Aristotle and Plato differ widely in their
objectives and methods of work.
a)Plato set
out to re-organize human life whereas Aristotle reorganize human knowledge.
b) Plato was
a transcendentalist and has the temperament of an artist whereas Aristotle was
an experimentalist who arrived at his principles through observation and
analysis.
c) Plato was
an idealist who believed that the phenomenal world is nothing but an
objectification of the ideal world. According to him, the ideal world is real
and the phenomenal world is only a shadow of this ideal reality. Aristotle, on
the other hand, believed in the reality of the world and of the senses.
Both, Aristotle
and Plato have their similarities also. Now have a look on those similarities.
a) The poetry is an ‘imitative’ art for
both of them.
b) Poetry rouses the emotions
c)The poetry gives pleasure
Aristotle is
fully alive to the essential unity of art. According to him, ‘imagination’ is
the common principle of all the fine arts. Poetry, comedy, tragedy, dancing,
music flute-playing, painting, sculpture etc are all modes of imagination. Imagination for Aristotle is not a mere
mimicry or servile copying of nature, but a truly creative activity.
Though imitation
is the common principle of all fine arts, the various arts differ from each
other in three ways--- medium of imitation, objects of imitation and in the
manner of imitation.
By medium of
imitation, he means the vehicle or material through which the artist imitates.
Colour, form and sound are the various mediums.
By the
objects of imitation he means the men in action. Poetry does not imitate man as
such, but “men doing or experiencing something”. These men whose actions and
experiences are the objects of poetic imitation may be either better or worse,
or the same as they are in actual life. A poet may idealize or he may
caricature and this is the difference between tragedy and comedy. Tragedy
idealizes, imitates man as better and comedy caricatures, shows men as worse
than they actually are.
There may be three modes or ways of manner of
imitation—a)the poet may use the narrative method b) he may use the dramatic
method and c) he may use a combination of these two methods. On the basis of
the manner of imitation poetry is classified as epic or narrative and dramatic.

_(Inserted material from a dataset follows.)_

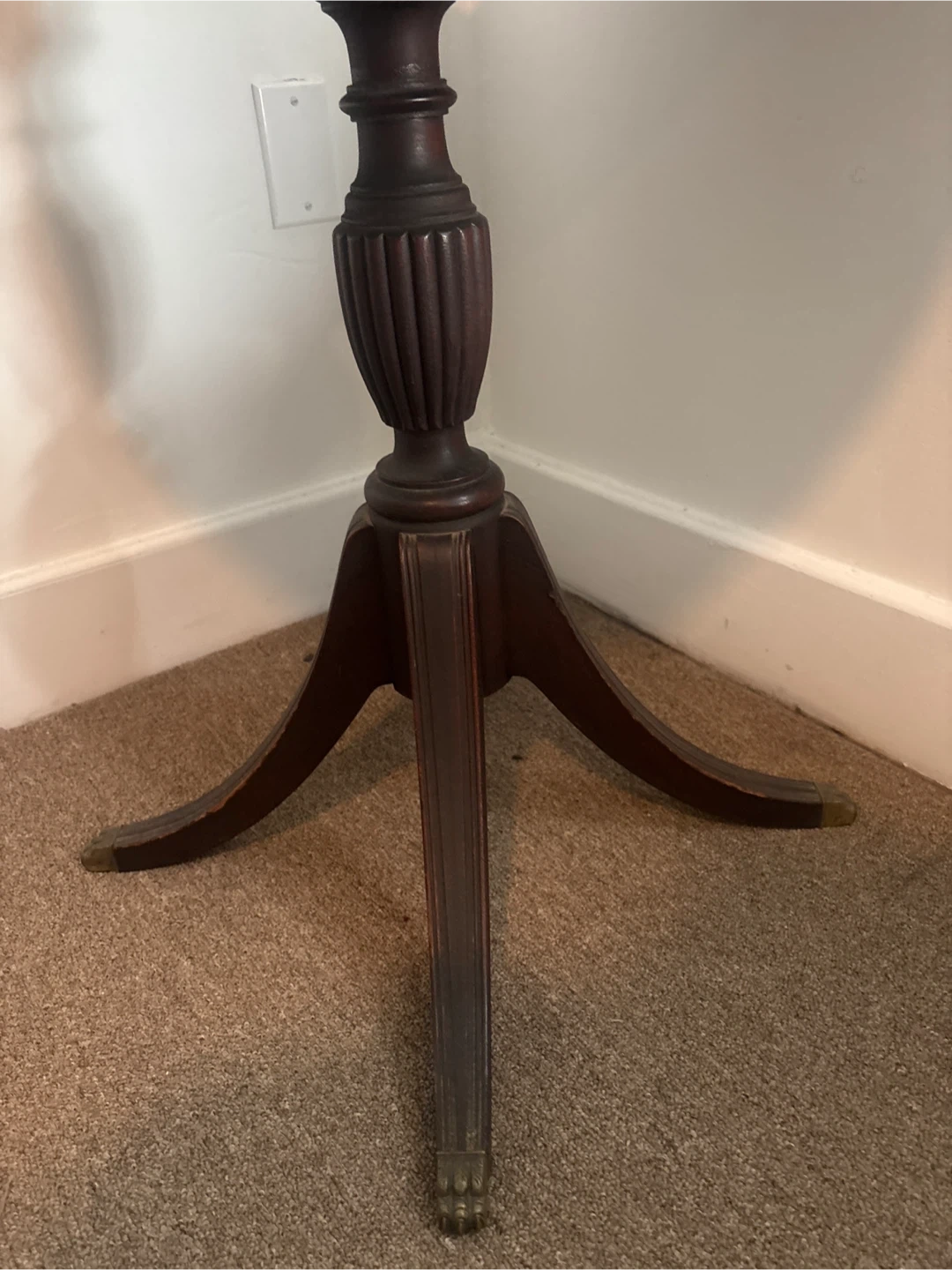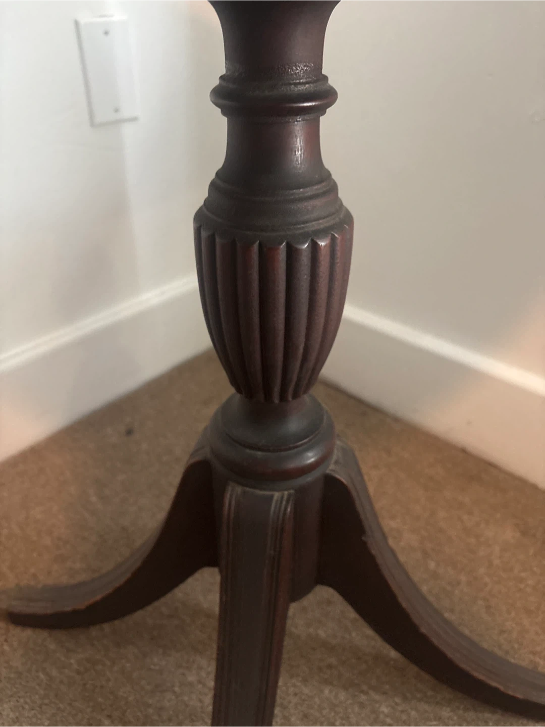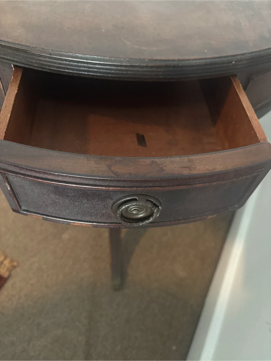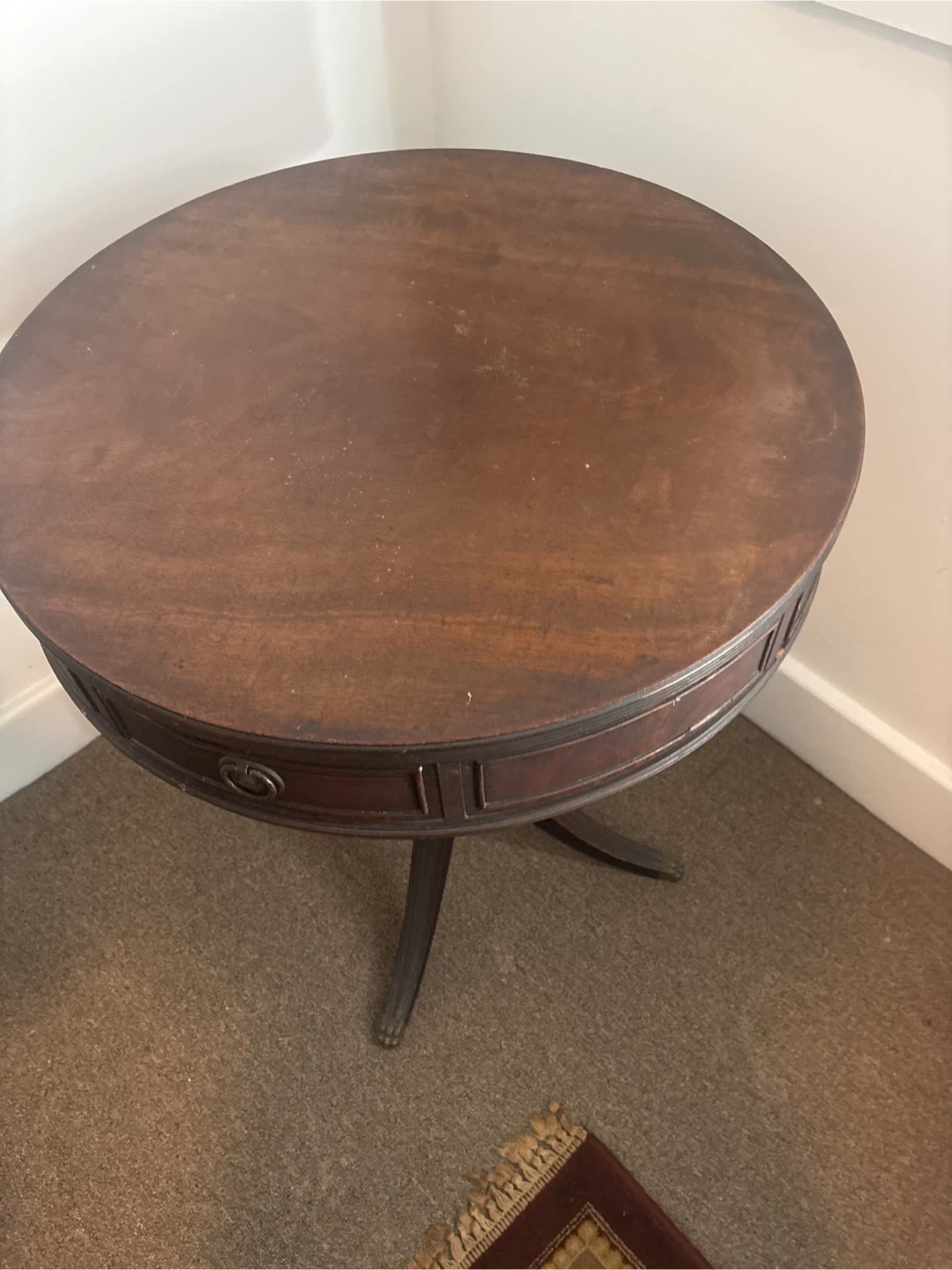 Selling a round mahogany end table. It has a classic design with a pedestal base and a small drawer for storage. It would be a nice addition to any living room or bedroom

In dramatic poetry the dramatic personages act the story, in epic poetry a poet
like Homer narrates the story, as well as tells it through a dialogue between
assumed characters.
In chapter
six, Aristotle gave the definition of tragedy. According to him, “Tragedy is an
imitation of an action that is serious, complete, and of a certain magnitude;
in language embellished with each kind of artistic ornament, the several kinds
being found in separate parts of the play; in the form of action, not of
narrative; through pity and fear effecting the proper purgation of these
emotions.”
Aristotle
analysed tragedy into six formative parts, among which three are concerned with
the objects imitated--- plot, characters, and thoughts--- two of the
elements--- diction and melody are the means of imitation and sixth element, spectacle,
is the mode of imitation by which the story is presented on a stage before an
audience. Aristotle regards the plot as the ‘life and soul’ of tragedy.
By using the
word ‘whole’ he meant that the plot of a tragedy should have a proper
beginning, middle and end. The unity of plot must be an organic one. According
to him poetry does not aim at photographic realism.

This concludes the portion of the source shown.